What the task requires: All pictures must be dropped, while the entries are given again word for word.

** Opening Records for the exercise block **

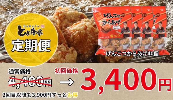 げんこつからあげ40個(10個入り×4)通常販売価格4,400円のところ、定期購入初回特別価格「3,400円」、2回目以降「3,900円」と通常よりお求めやすくなっております。
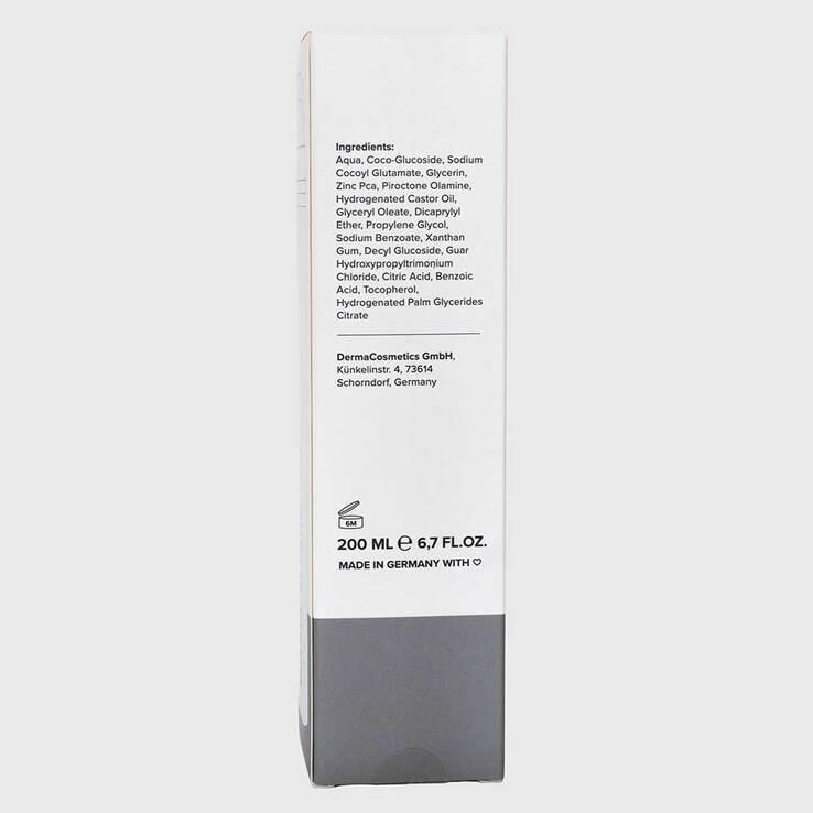 Aqua, Coco-Glucoside, Sodium Cocoyl Glutamate, Glycerin, Zinc Pca, Piroctone Olamine, Hydrogenated Castor Oil, Glyceryl Oleate, Dicaprylyl Ether, Propylene Glycol, Sodium Benzoate, Xanthan Gum, Decyl Glucoside, Guar Hydroxypropyltrimonium Chloride, Citric Acid, Benzoic Acid, Tocopherol, Hydrogenated Palm Glycerides Citrate
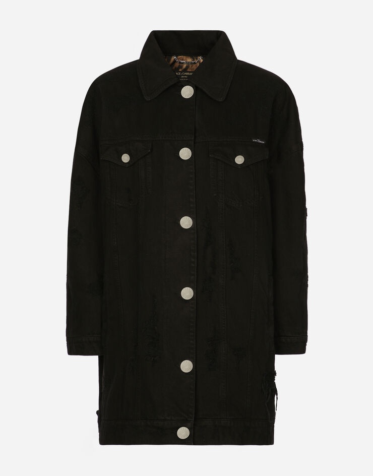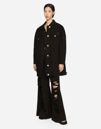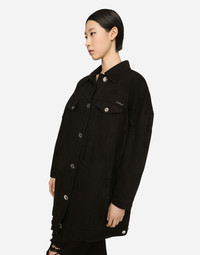 Long denim jacket with metal “Kim Dolce&Gabbana” tag: • Shirt collar • Long sleeves • Flap pockets • Leopard-print stretch satin lining • Quilted wad padding • “Kim Dolce&Gabbana” label on breast pocket • Branded metal button fastenings • The model is 175 cm tall and wears a size IT 40 • Made in Italy Care And Details External composition: 98% Cotton 2% Spandex Internal composition: 97% Polyester 3% Spandex
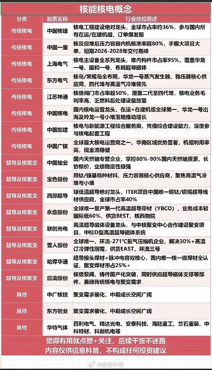 整理了一份核能核电核心标的清单,按赛道分类一目了然:
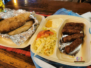 William Walker Street was lively, lined with drinking places, and Dio was pleasant, with ceiling fans. One and a half pints cost €4.50. They did not sell food, though, so we bought qebapa next door at Burger Time Grill House for €2.50 and ate it there.
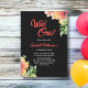 This elegant floral birthday invitation is perfect for a modern summer birthday. The romantic design features beautiful watercolor wildflowers with elegant white calligraphy on a black background.

** Closing Records for the exercise block **

Answer box:
 げんこつからあげ40個(10個入り×4)通常販売価格4,400円のところ、定期購入初回特別価格「3,400円」、2回目以降「3,900円」と通常よりお求めやすくなっております。
 Aqua, Coco-Glucoside, Sodium Cocoyl Glutamate, Glycerin, Zinc Pca, Piroctone Olamine, Hydrogenated Castor Oil, Glyceryl Oleate, Dicaprylyl Ether, Propylene Glycol, Sodium Benzoate, Xanthan Gum, Decyl Glucoside, Guar Hydroxypropyltrimonium Chloride, Citric Acid, Benzoic Acid, Tocopherol, Hydrogenated Palm Glycerides Citrate
 Long denim jacket with metal “Kim Dolce&Gabbana” tag: • Shirt collar • Long sleeves • Flap pockets • Leopard-print stretch satin lining • Quilted wad padding • “Kim Dolce&Gabbana” label on breast pocket • Branded metal button fastenings • The model is 175 cm tall and wears a size IT 40 • Made in Italy Care And Details External composition: 98% Cotton 2% Spandex Internal composition: 97% Polyester 3% Spandex
 整理了一份核能核电核心标的清单,按赛道分类一目了然:
 William Walker Street was lively, lined with drinking places, and Dio was pleasant, with ceiling fans. One and a half pints cost €4.50. They did not sell food, though, so we bought qebapa next door at Burger Time Grill House for €2.50 and ate it there.
 This elegant floral birthday invitation is perfect for a modern summer birthday. The romantic design features beautiful watercolor wildflowers with elegant white calligraphy on a black background.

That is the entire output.